CHEIKH MBOW AU TABLEAU
Cheikh Mbow, Directeur exécutif de la Coalition des organisations en synergie pour la défense de l’éducation publique (Cosydep), analyse, dans cet entretien réalisé avant les instructions du chef de l’État relatives à l’éducation, en conseil des ministres
Cheikh Mbow, Directeur exécutif de la Coalition des organisations en synergie pour la défense de l’éducation publique (Cosydep), analyse, dans cet entretien réalisé avant les instructions du chef de l’État relatives à l’éducation, en conseil des ministres ce mercredi, la situation de l’école qui est «impactée par la dernière crise politico-électorale», interpelle les autorités sur les grands défis, constate l’absence de l’école aux Assises de la Justice. M. Mbow estime aussi que l’école doit être «plus résiliente, plus robuste face à des chocs exogènes». Les nouvelles autorités, à ses yeux, doivent faire la différence dans ce domaine.

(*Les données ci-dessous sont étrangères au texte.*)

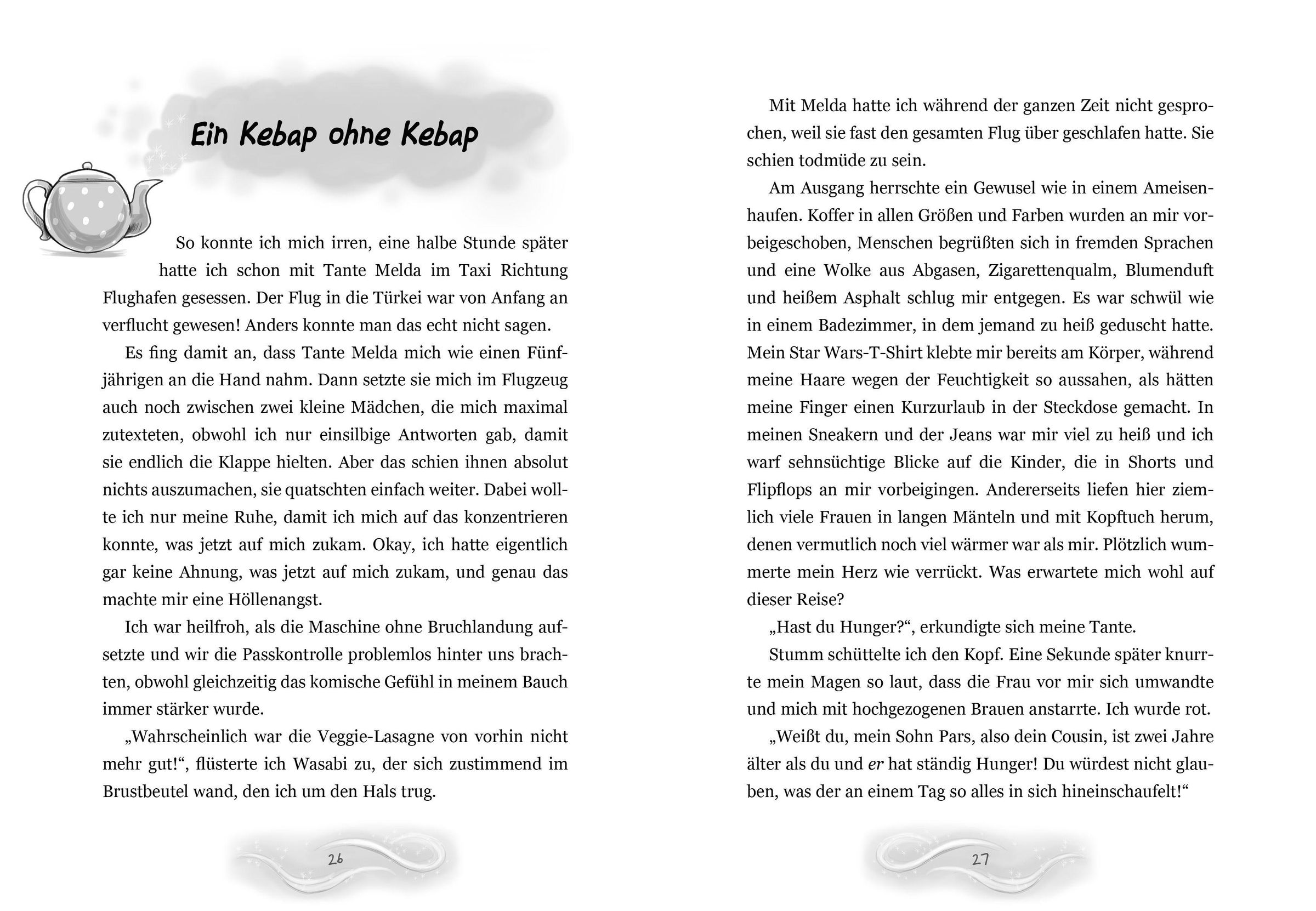 Eigentlich wollte ich in den Ferien ein paar chillige Wochen mit meinem Chamäleon Wasabi und Paps beim Schnorcheln verbringen, aber stattdessen werde ich zu meiner mir bis dahin völlig unbekannten Tante Melda nach Amintos verfrachtet! Und das Einzige, was ich über Amintos weiß, ist, dass meine Mutter dort verschwunden ist. Klar, dass ich da nicht hinwill, oder? Aber da wusste ich auch noch nicht, dass es in Amintos nur so wimmelt von fliegenden Teppichen, Tempelagenten und glühenden Schwertern - ziemlich abgefahrene Sache! Wenn da nur nicht plötzlich diese gruseligen Monster hinter mir her wären ...
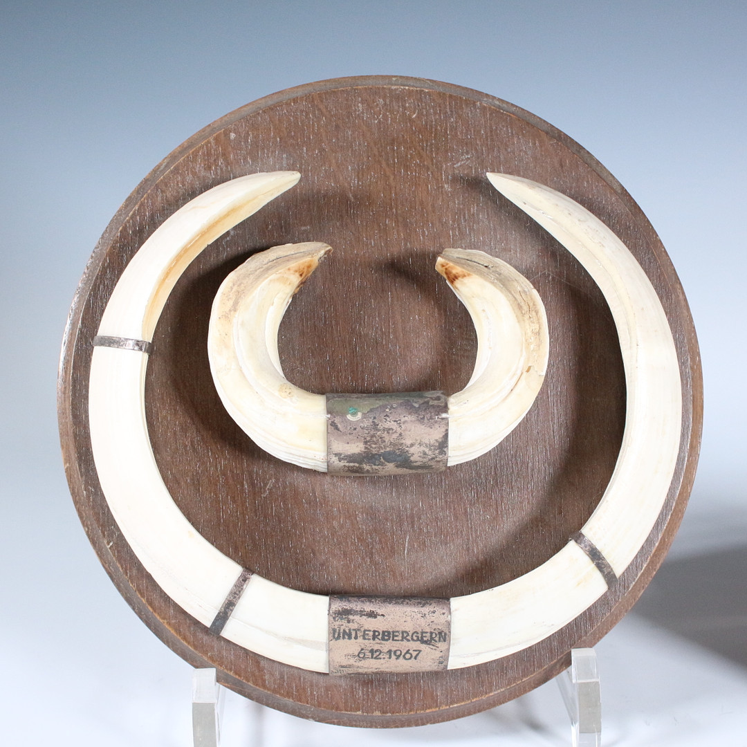 2252707. Jagdtrophäen, Wildschwein-Hauer, 1967.

D’où son vœu de voir ces dernières démontrer qu’elles ont «bien compris les messages des communautés durant cette dernière décennie».
Avec l’avènement du nouveau pouvoir, quelles pourraient être les attentes pour le secteur éducatif ?
Nos attentes vis-à-vis de ces nouvelles autorités sont, d’abord, qu’il est important de commencer par faire l’état des lieux. Il y a eu beaucoup de questions, qui ont fait l’objet de polémiques. Et, il est important, à notre avis, qu’on puisse débuter par un état des lieux objectif, qui puisse nous permettre de savoir où est-ce que nous en sommes et d’identifier les lacunes, les gaps et les défis pour pouvoir avancer. L’état des lieux devrait nous conduire vers l’évaluation de tous les réformes et autres programmes que nous avons vécus dans la période. Il y a eu des réformes, à travers le système Lmd, au niveau de l’université, Uvs, sur la mise en œuvre des recommandations issues des Assises nationales de l’éducation et de la formation, de la Concertation nationale pour l’enseignement supérieur, le Paquet. Donc, il y a une série de programmes, d’innovations, de réformes qui méritent aujourd’hui d’être bien évalués pour pouvoir prendre en compte des suggestions ou recommandations qui pourraient en être issues. La deuxième attente, c’est de voir les nouvelles autorités démontrer qu’elles ont bien compris les messages des communautés durant cette dernière décennie. C’est une décennie où nous avons eu une Société civile assez audible, des citoyens qui ont montré qu’ils sont les principaux bénéficiaires du système éducatif, mais aussi qu’ils devraient en être les principaux commanditaires ; les demandes liées à l’introduction des langues nationales, à la question de la diversification des offres d’enseignement, notamment les daraas, la problématique de la formation professionnelle, de l’éducation inclusive, la prise en compte de nouvelles questions telles que le numérique, la petite enfance, qui a été un sous-secteur qui a été pendant longtemps négligé, la question des valeurs, la problématique de l’insertion et de l’emploi sont des demandes qui ont été fortement exprimées par les communautés. Et, nous espérons que les nouvelles autorités vont aider à trouver les réponses, les initiatives et les orientations qu’il faut pour pouvoir adresser justement ces aspects.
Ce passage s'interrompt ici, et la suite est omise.